Il nuovo disco dei Black Sabbath (già)
È il primo della (quasi) formazione originale dopo 35 anni, con Ozzy Osbourne e tutto il repertorio: le recensioni sono indecise
È uscito il nuovo album dei Black Sabbath, una delle più celebri band della storia del genere hard rock. Inglesi, noti anche come il gruppo di Ozzy Osbourne, un personaggio piuttosto notevole e controverso, con una sua propria popolarità anche poi da solista e personaggio televisivo (nel reality dedicato alla sua famiglia, The Osbournes). La notizia è che per questo disco si sono riuniti i tre quarti della formazione storica dei Black Sabbath: non lo facevano da 35 anni e sono ancora oggi molto ammirati e seguiti dai fans (MTV li nominò “Greatest Metal Band” di sempre) . «Non si può immaginare lo heavy metal senza il background dei Black Sabbath», dice la recensione di Rolling Stone del disco.
Si chiama “13”, contiene otto canzoni – ma circola un’edizione deluxe che ne ha undici – ed è stato registrato dalla formazione che registrò i primi otto dischi della band salvo il batterista Bill Ward, rimpiazzato da Brad Wilk, batterista dei Rage Against the Machine, che ha solo 44 anni ed è vent’anni più giovane degli altri (con Ward ci sono difficili e tesi rapporti post-separazione, persino con vecchie foto promozionali da cui è stato tagliato via). Nei decenni passati erano uscite molte cose a nome dei Black Sabbath, ma questo è il primo disco dopo 35 anni in cui le canzoni sono state composte da Ozzy Osbourne, Tony Iommi (chitarrista) e Geezer Butler (bassista), come cioè era avvenuto fino al 1978, dal disco “Black Sabbath” a “Never Say Die!”.
I Black Sabbath sono diventati famosi partecipando dal 1970 in poi alla creazione degli anni più epici dello hard rock, con un suono molto pastoso e dai riff (gli accordi e frasi ritmiche suonate dalla chitarra elettrica) immediatamente riconoscibili, oltre che per i temi molto cupi delle loro canzoni. All’epoca si presentavano sul palco vestiti interamente di nero e giocavano a dare ai loro concerti un’atmosfera di ambiguo misticismo – Tony Iommi ha sempre suonato con una croce d’argento bene in vista sul petto, Ozzy Osbourne si truccava pesantemente il viso di nero.

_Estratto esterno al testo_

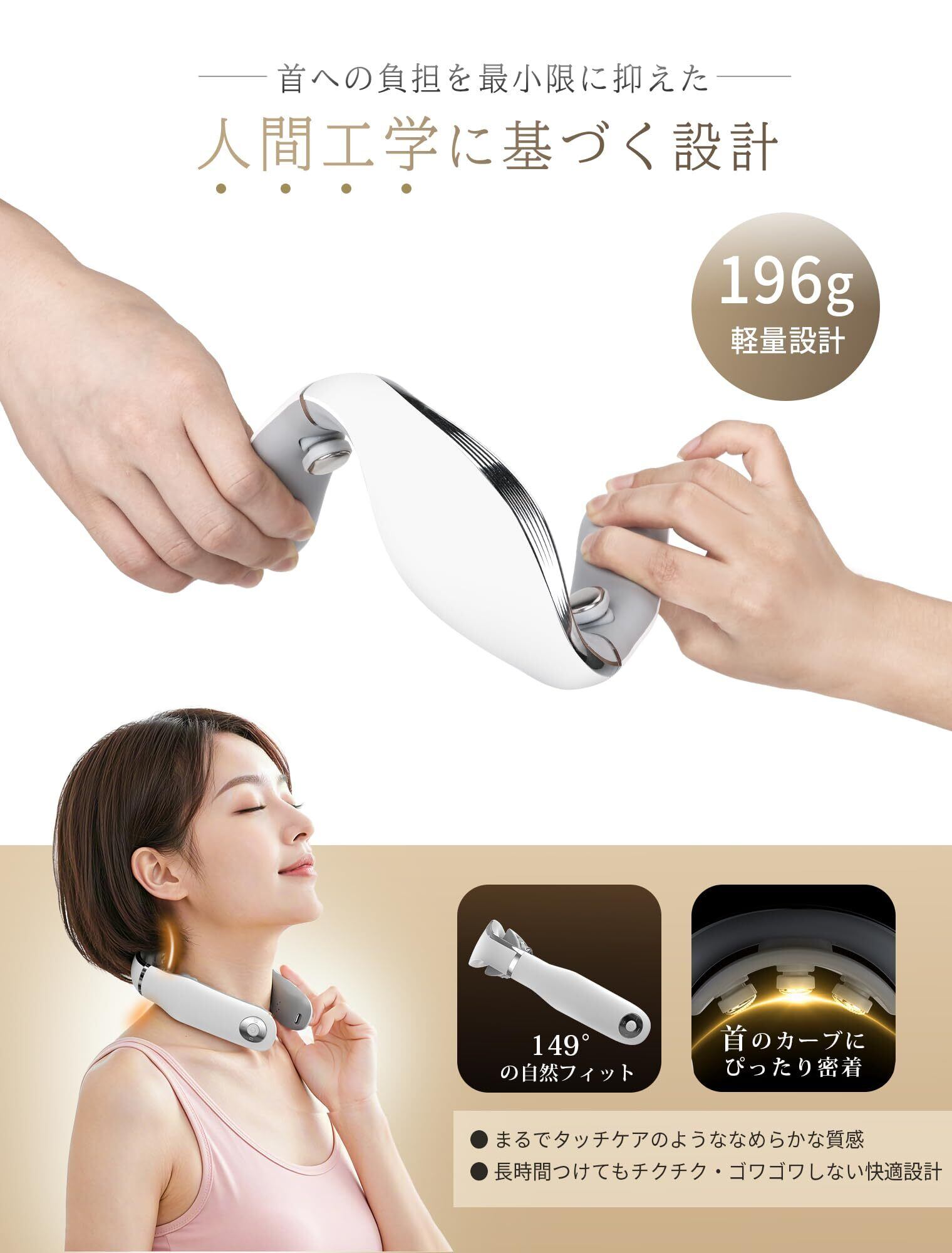 【業界初!次世代首リラクゼーション器 より深く より広く】深層ほぐすピンポイントケアと首・肩へのフールケアを両立!プロが手もみで行うような本格的な10種のネックケアを再現。独自のトリプル機能を搭載して、EMS+TENS+振動の相乗効果により、本格的な首・肩ケアを実現。やわらかタッチからしっかりケアまで、19段階で微調整可能。本格的な温熱機能を搭載し、首まわりの冷え対策にもピッタリ。温めるだけで、ずいぶん楽になる快適サポートされます。※温熱のみ単体使用もOK!

I Black Sabbath hanno influenzato molte band heavy metal che sono venute dopo (Iron Maiden e Metallica, fra le altre) e, come tradizione per i grandi gruppi rock dell’epoca, hanno avuto una storia molto ingarbugliata: nel 1979 Ozzy Osbourne lasciò la band, accusato dagli altri di «drogarsi eccessivamente» e iniziò una carriera da solista. Gli altri componenti fecero quindi due album con il cantante Ronnie James Dio, che aveva lasciato a sua volta i Rainbow, un altro gruppo hard rock all’epoca molto famoso fondato da Ritchie Blackmore, l’ex chitarrista dei Deep Purple.

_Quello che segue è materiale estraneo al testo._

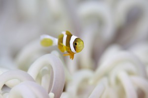 ここでの最近のお気に入りは、1匹で暮らしている小さなクマノミ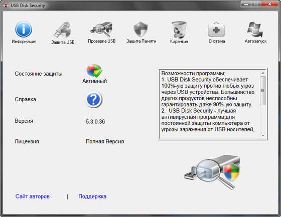 - USB Disk Security - лучшая антивирусная программа для постоянной защиты компьютера от угрозы заражения от USB носителей, без надобности в обновлениях сигнатур, отлично работающая с вашим основным антивирусом.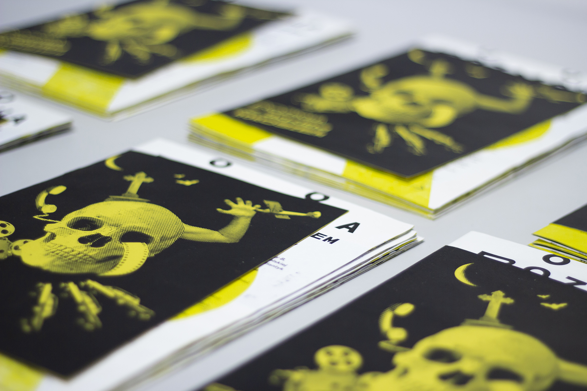 What makes this project unique is screen printing technique, original font, aesthetics of error and randomness — there is no single fixed version of the logo, each print is different, and the zine cover is stapled each time at a different angle.
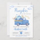 Bonito Pequeno Pumpkin Blue Rustic Truck Baby Boy Invitation.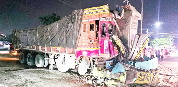 ವೇಗವಾಗಿ ಬರುತ್ತಿದ್ದ 18 ಚಕ್ರದ ಟ್ರಕ್ ಚಾಲಕನ ನಿಯಂತ್ರಣ ತಪ್ಪಿ ವೃತ್ತಕ್ಕೆ ನೇರವಾಗಿ ಡಿಕ್ಕಿ ಹೊಡೆದ ಪರಿಣಾಮ ಟ್ರಕ್ನ ಮುಂಭಾಗ ಸಂಪೂರ್ಣ ನಜ್ಜುಗುಜ್ಜಾಗಿದೆ.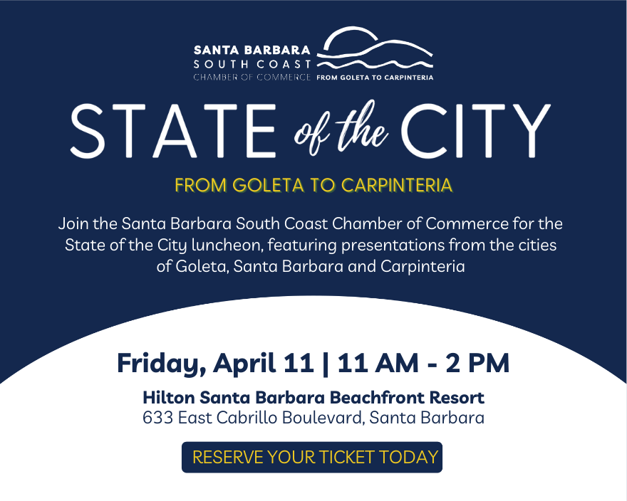 State of the City – From Goleta to Carpinteria on Friday, April 11, at 11 AM, hosted at the stunning Hilton Santa Barbara Beachfront Resort. This event offers an exclusive opportunity to hear directly from leaders across all three cities, united under one roof. Gain valuable insights into the future of our community, key developments, and exciting initiatives shaping the region. Don’t miss your chance to be part of this important gathering!

I due dischi “Heaven and Hell” e “Mob Rules” piacquero molto agli appassionati, ma dopo soli tre anni il chitarrista Tony Iommi cacciò Ronnie James Dio e da allora la band arruolò cantanti inadeguati (tra i quali Ian Gillan, il cantante storico dei Deep Purple, che non si integrò con l’immagine e l’estetica della band) e i dischi vendettero pochissimo. Dopo un temporaneo rientro di Dio, a metà degli anni Novanta ritornò Ozzy Osbourne, il gruppo ricominciò a fare concerti, ma nel 2006 i Black Sabbath fecero invece un disco e alcuni tour di nuovo con Dio, e andarono molto bene: ma Ronnie James Dio morì per un cancro allo stomaco il 16 maggio del 2010, e l’anno successivo Iommi dichiarò che la band avrebbe infine inciso un nuovo disco con Ozzy Osbourne, di cui si era già parlato nel 2001.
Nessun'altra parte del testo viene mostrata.